## Task instructions
Leaving out the images, please reproduce each line below exactly.

====== Provided entries ======

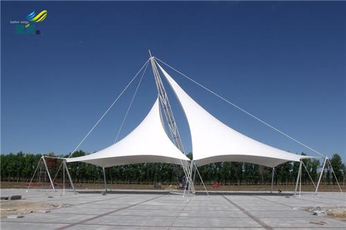 膜結構正常工作首先必須引入適當?shù)念A張力,再就是要形成互反曲面。傳統(tǒng)結構為了減小結構的變形就必須增加結構的抗力;而膜結構是通過改變形狀來分散荷載,從而獲得最小內力增長的。
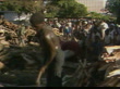 Mozambican Civil War: Political and economic problems caused by guerillas:; MOZAMBIQUE: Maputo:EXTMS Man chops wood in local marketCS Mozambique money handed over - PULL OUT female stall holderBV TRACK past queue - queueing for milkMS Cup of milk pouredTMS Idle docks - ship moored at quaysideMS PAN R-L as empty crane grab loweredGV Two idle container cranes (Italian govt has invested 7m dollars in these cranes)TS Containers on dockside PAN L-RMS Train passes on left - idle ship at quayside on right(Train and road links cut by guerrilla activity)LMS Warehouses ZOOM ON stationary goods trucks in front of them on quaysideLMS Buses - supplied by British Leyland - ZOOM IN wheel hub with no tyres on it (no tyres left in the country)MS Interior wrecked busBV Steering wheel seen through glass spattered with bullet holesAIRVIEW Beaches (Guerrilla activity has put off the expected tourists)MS Hotel and beachAIRVIEW BeachesBV Man stands at waters edge ZOOM high rise hotelMS Hotel grounds - PAN L-R white people sunbathingMS White adults and children in poolMS White couple sun bathingLMS Light plane towards and over landing (only safe way to travel)MS Boat on empty beach PAN L-R hotel in B/GTMS Table and chairs - TILT UP beachLMS Black people sit on beach wall - PAN L-R to disused petrol pumpCahora Bassa:MS Frelimo troops R-L - dam in distanceAIRVIEW Cahora Bassa damTS Water cascades TILT UP Zambesi river and valley as water flowing into it - rainbow in f/gGV Water cascadesINTMS Hydro-electric power station windows - lit up windows - PULL OUT interior plantTMS Water flowing L-R (could earn million of dollars supplying S Africa with electricity but project closed down because of guerrilla activity)
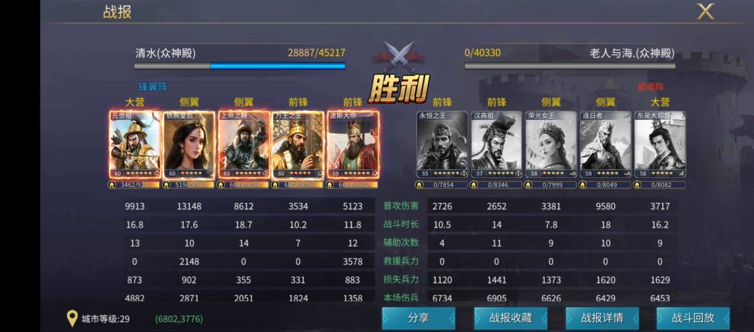 因为在文明1前苟的比较严重,导致现在缺大量银币,所以这队飞星,是书没打,兵种在4-5级的情况下的战斗结果。
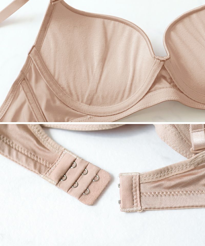 ホールド感があり少しアンダーきつめに感じました。B70だとバストが段になってしまい、1カップ上のC70でぴったり着用できました。カラー診断はイエベ春で、ヌードベージュよりスキンベージュの方が肌馴染みが良かったです。透けやすい肩紐部分もまったく透けず驚きました!
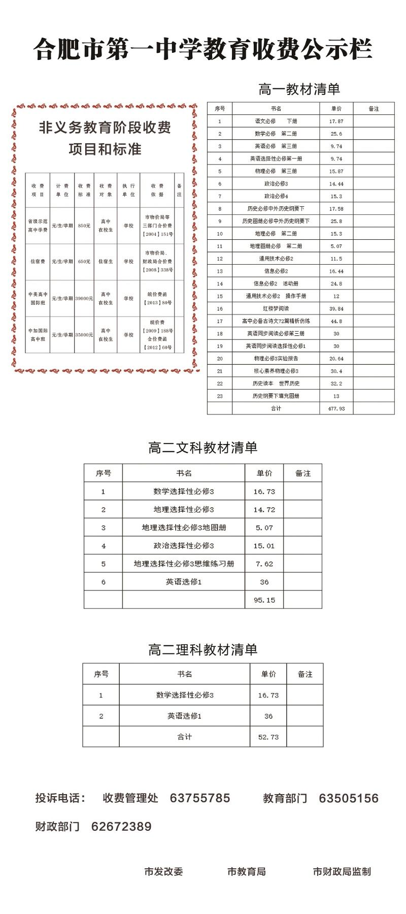 2022年合肥市第一中学收费标准表(2022年合肥市第一中学收费标准表格)

======

## Reply
 膜結構正常工作首先必須引入適當?shù)念A張力,再就是要形成互反曲面。傳統(tǒng)結構為了減小結構的變形就必須增加結構的抗力;而膜結構是通過改變形狀來分散荷載,從而獲得最小內力增長的。
 Mozambican Civil War: Political and economic problems caused by guerillas:; MOZAMBIQUE: Maputo:EXTMS Man chops wood in local marketCS Mozambique money handed over - PULL OUT female stall holderBV TRACK past queue - queueing for milkMS Cup of milk pouredTMS Idle docks - ship moored at quaysideMS PAN R-L as empty crane grab loweredGV Two idle container cranes (Italian govt has invested 7m dollars in these cranes)TS Containers on dockside PAN L-RMS Train passes on left - idle ship at quayside on right(Train and road links cut by guerrilla activity)LMS Warehouses ZOOM ON stationary goods trucks in front of them on quaysideLMS Buses - supplied by British Leyland - ZOOM IN wheel hub with no tyres on it (no tyres left in the country)MS Interior wrecked busBV Steering wheel seen through glass spattered with bullet holesAIRVIEW Beaches (Guerrilla activity has put off the expected tourists)MS Hotel and beachAIRVIEW BeachesBV Man stands at waters edge ZOOM high rise hotelMS Hotel grounds - PAN L-R white people sunbathingMS White adults and children in poolMS White couple sun bathingLMS Light plane towards and over landing (only safe way to travel)MS Boat on empty beach PAN L-R hotel in B/GTMS Table and chairs - TILT UP beachLMS Black people sit on beach wall - PAN L-R to disused petrol pumpCahora Bassa:MS Frelimo troops R-L - dam in distanceAIRVIEW Cahora Bassa damTS Water cascades TILT UP Zambesi river and valley as water flowing into it - rainbow in f/gGV Water cascadesINTMS Hydro-electric power station windows - lit up windows - PULL OUT interior plantTMS Water flowing L-R (could earn million of dollars supplying S Africa with electricity but project closed down because of guerrilla activity)
 因为在文明1前苟的比较严重,导致现在缺大量银币,所以这队飞星,是书没打,兵种在4-5级的情况下的战斗结果。
 ホールド感があり少しアンダーきつめに感じました。B70だとバストが段になってしまい、1カップ上のC70でぴったり着用できました。カラー診断はイエベ春で、ヌードベージュよりスキンベージュの方が肌馴染みが良かったです。透けやすい肩紐部分もまったく透けず驚きました!
 2022年合肥市第一中学收费标准表(2022年合肥市第一中学收费标准表格)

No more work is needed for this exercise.